Hoppin’ John: A New Year’s Recipe for Success
If you’ll be ringing in the new year at home, then why not take your taste buds on an adventure down South with our spin on a traditional New Year’s Day recipe, Hoppin’ John?
Fun Fact #1: Traditionally, particularly in the Southern United States, black-eyed peas are thought to bring good fortune to those who eat them on New Year’s Day. It has long been said that eating “beans and greens,” which symbolize coins and paper money, respectively, brings humility, good fortune, and great monetary gain.
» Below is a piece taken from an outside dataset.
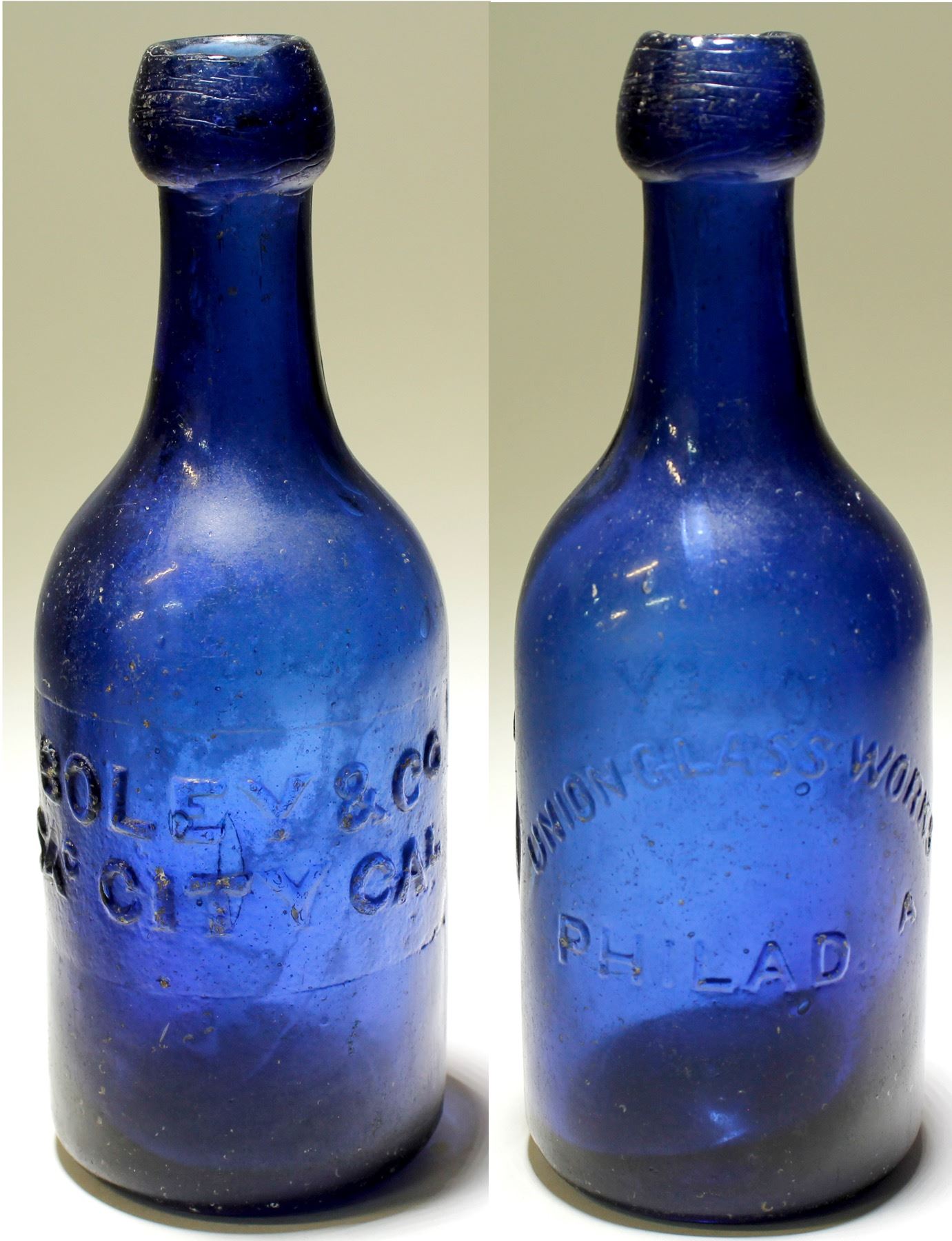 Boley & Co / Sac City Cal // ( 1850-1862 ): Medium to deep, cobalt blue. Large 1/2" chip on top, 1/4" under blob chip, as well as a 1/4' flake off the letter " A" in the word 'SAC". . Very little wear or pitting, needs polishing.. State: California City: Sacramento Date: HWAC# 53340

Along with cornbread, another staple in the Southern diet, the following phrase was coined (no pun intended): “Peas for pennies, greens for dollars, and cornbread for gold.”
Black-eyed peas are the key ingredient in this recipe, and while they may not make you want to get up and dance like the band that goes by the same name, they may bring you prosperity in the new year.
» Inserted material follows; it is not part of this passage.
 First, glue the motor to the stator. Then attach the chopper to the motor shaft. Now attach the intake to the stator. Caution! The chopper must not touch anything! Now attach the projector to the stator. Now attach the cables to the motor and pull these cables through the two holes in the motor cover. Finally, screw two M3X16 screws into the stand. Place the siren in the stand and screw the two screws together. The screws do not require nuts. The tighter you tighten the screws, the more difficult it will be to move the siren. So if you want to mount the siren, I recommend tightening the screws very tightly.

Fun Fact #2: Although called a pea, black-eyed peas are technically a bean, and along with peas, lentils, other beans, and peanuts, black-eyed peas are members of the legume family. While small in size, these beans are versatile; they are a great addition to soups and stews, and they can even be served as a standalone side dish. Black-eyed peas are packed with protein, potassium, iron, and fiber, and they are low in calories and fat too.
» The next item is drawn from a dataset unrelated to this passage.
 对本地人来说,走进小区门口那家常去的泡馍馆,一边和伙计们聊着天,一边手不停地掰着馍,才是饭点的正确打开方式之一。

The traditional Hoppin’ John dish is made with rice, which you are more than welcome to add, but we included kale and other vegetables to make this even more nutrient-dense while being more carb- and calorie-conscious. Overall, this recipe is a nutrient powerhouse, and it’s delicious to boot!
Hoppin’ John Recipe
- 1 pound dried black-eyed peas
- 1 pound pork neck bones
- 3 slices bacon, diced
- 1 cup onion, diced
- 1 cup celery, diced
- 1 cup carrot, diced
- 3 cloves garlic, chopped
- 6 cups cold water
- 1 bay leaf
- 1 tsp dried thyme
- 1/2 tsp ground cumin
- 1/2 tsp ground black pepper
- 1 pinch cayenne pepper
- 1 (10-ounce) can diced tomatoes with green chilies
- 1 tsp salt
- 1 bunch kale, chopped
- Place black-eyed peas into a large container and cover with several inches of cool water; let stand overnight or at least 8 hours. Drain and set aside. (If you’re short on time, you can substitute canned or frozen black-eyed peas.)
- Heat a Dutch oven over medium heat. Cook pork necks and bacon in until lightly browned, about 5 minutes. (Note: A Dutch oven is just a fancy name for a heavy-duty pot with a tight-fitting lid.)
- Stir in onion, celery, and carrot; cook and stir until softened, 6 to 7 minutes. Stir in garlic and cook 1 minute.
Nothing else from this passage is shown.